- **WHAT NEEDS TO BE DONE**: Only the lines from the one that includes "表 三重大山田熱処理工場に設置した太陽光発電設備の概要" through the last line below belong in the reply, copied exactly and without pictures.

DATA IN THIS EXERCISE below:

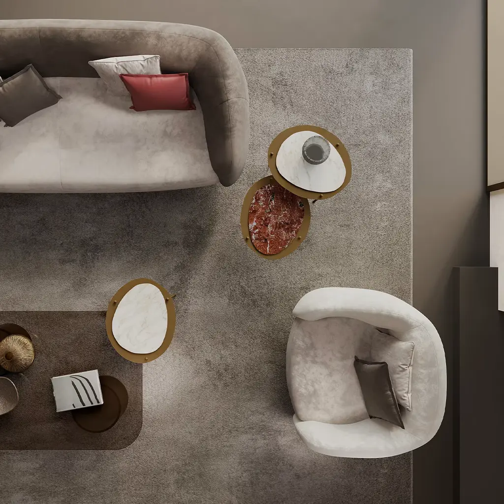 Ethereal charm and sophistication define this stupendous set of two coffee tables, the utmost expression of the unparalleled elegance of marble. Composed of a lower and a higher piece, both designs rest on a bronze-finished metal structure enhanced with a layer of white and red marble respectively, for a captivating flair. Please consult the Concierge for further details and customization options.
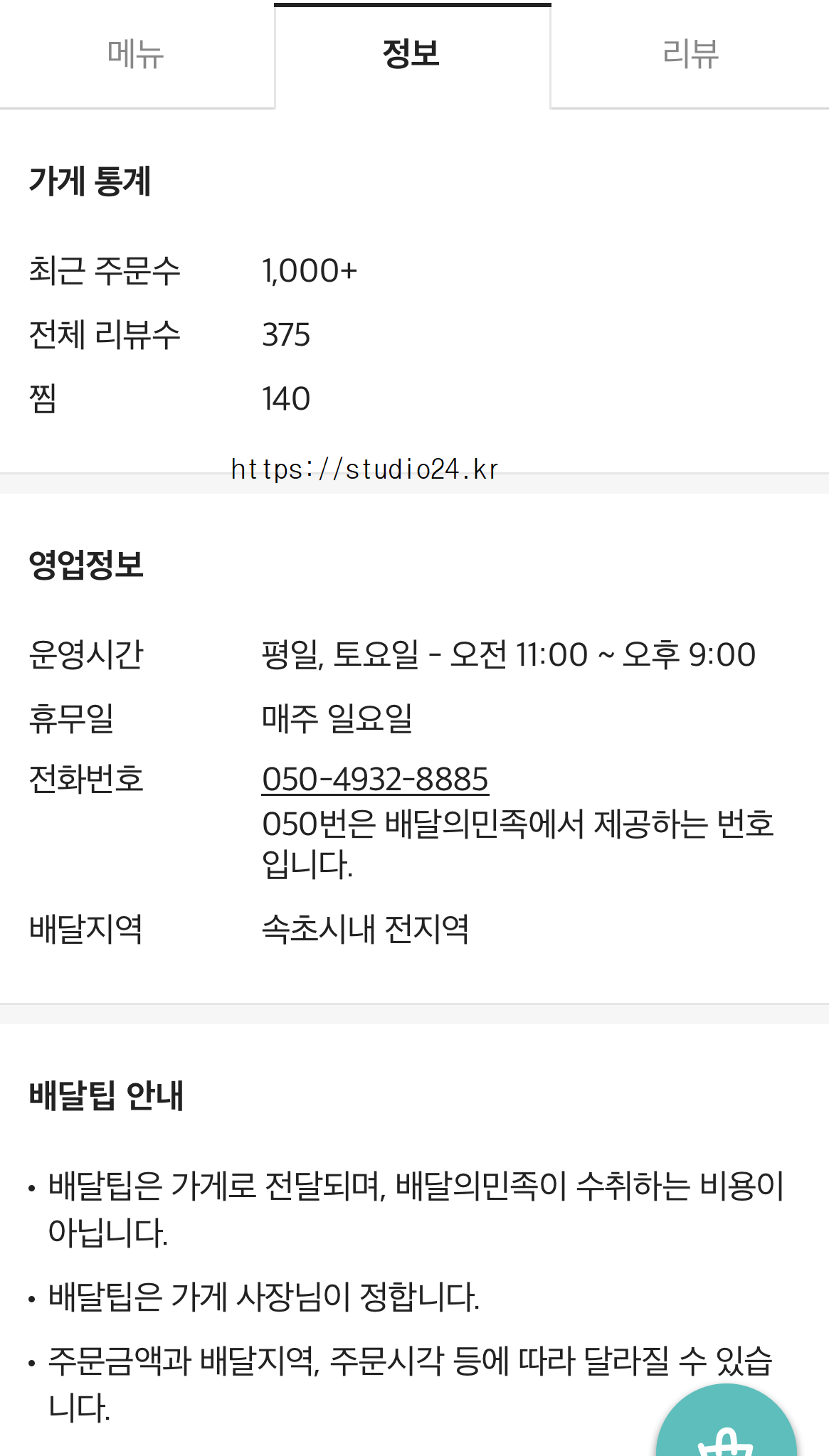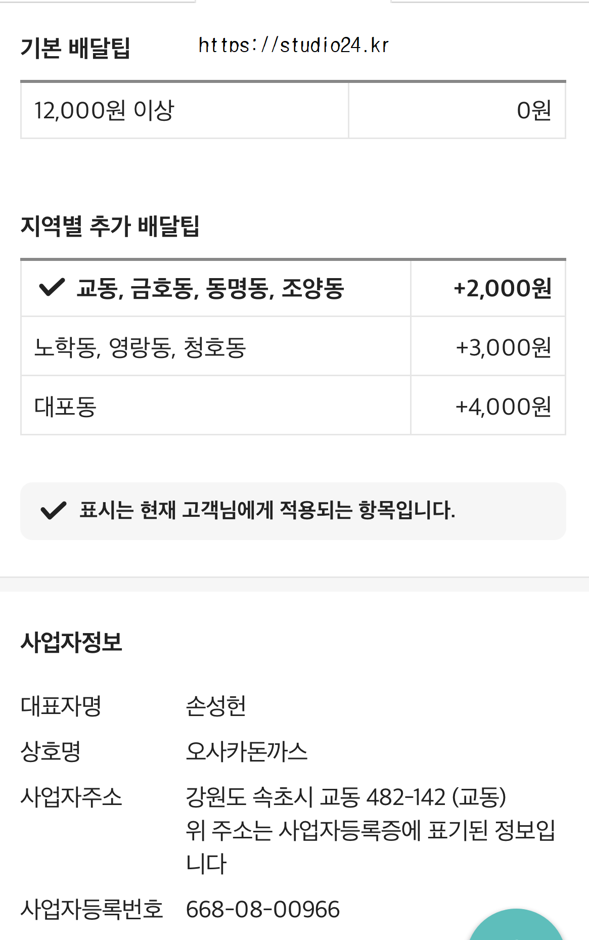 노학동, 영랑동, 청호동은 배달비 3천원이고 대포동은 4천원 추가입니다.
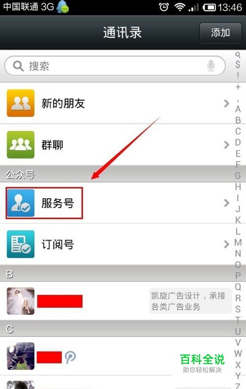 进入微信以后,点击【通讯】---【服务号】
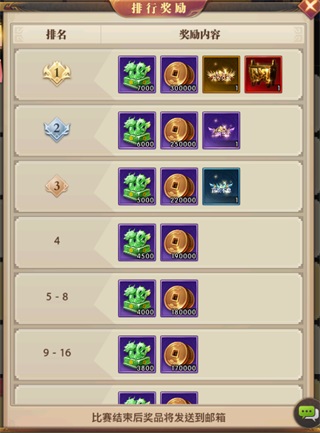 参与了对战的玩家可以根据排名积分最终排名获得排名奖励(玩家要多积极参与校场提升排名尽量进前128名参赛多拿奖励)。
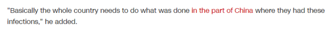 “基本上,整个国家都要采取中国那些出现感染(病例)地区之前所采取的那些措施。”盖茨说道。
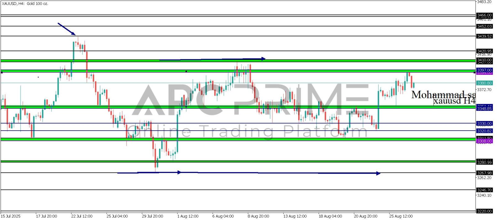 المنطقة الأهم (3397-3394) احتمالية الارتداد منها ممكنة ولكن باختراقها وإغلاق أعلى بشمعة أربع ساعات يتجه السعر إلى منطقة المقاومة (3410-3407) احتمالية الارتداد منها ممكنة ولكن باختراقها وإغلاق أعلى بشمعة أربع ساعات يتجه السعر إلى منطقة المقاومة (3420)
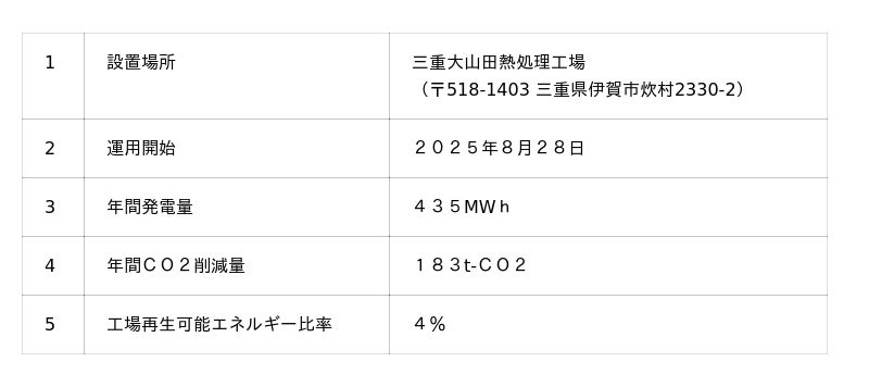 表 三重大山田熱処理工場に設置した太陽光発電設備の概要
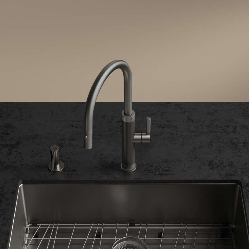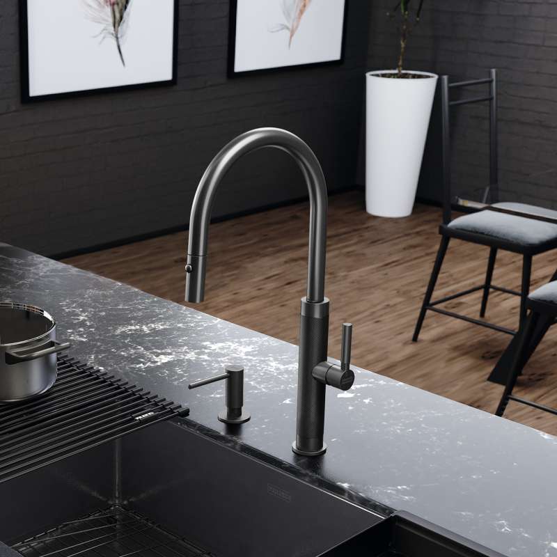 • Franke Mythos Masterpiece 18.3-Inch Single Handle Pull-Down Kitchen Faucet In Anthracite Anthracite

End of DATA IN THIS EXERCISE.

- **OUTPUT**:
 表 三重大山田熱処理工場に設置した太陽光発電設備の概要
 • Franke Mythos Masterpiece 18.3-Inch Single Handle Pull-Down Kitchen Faucet In Anthracite Anthracite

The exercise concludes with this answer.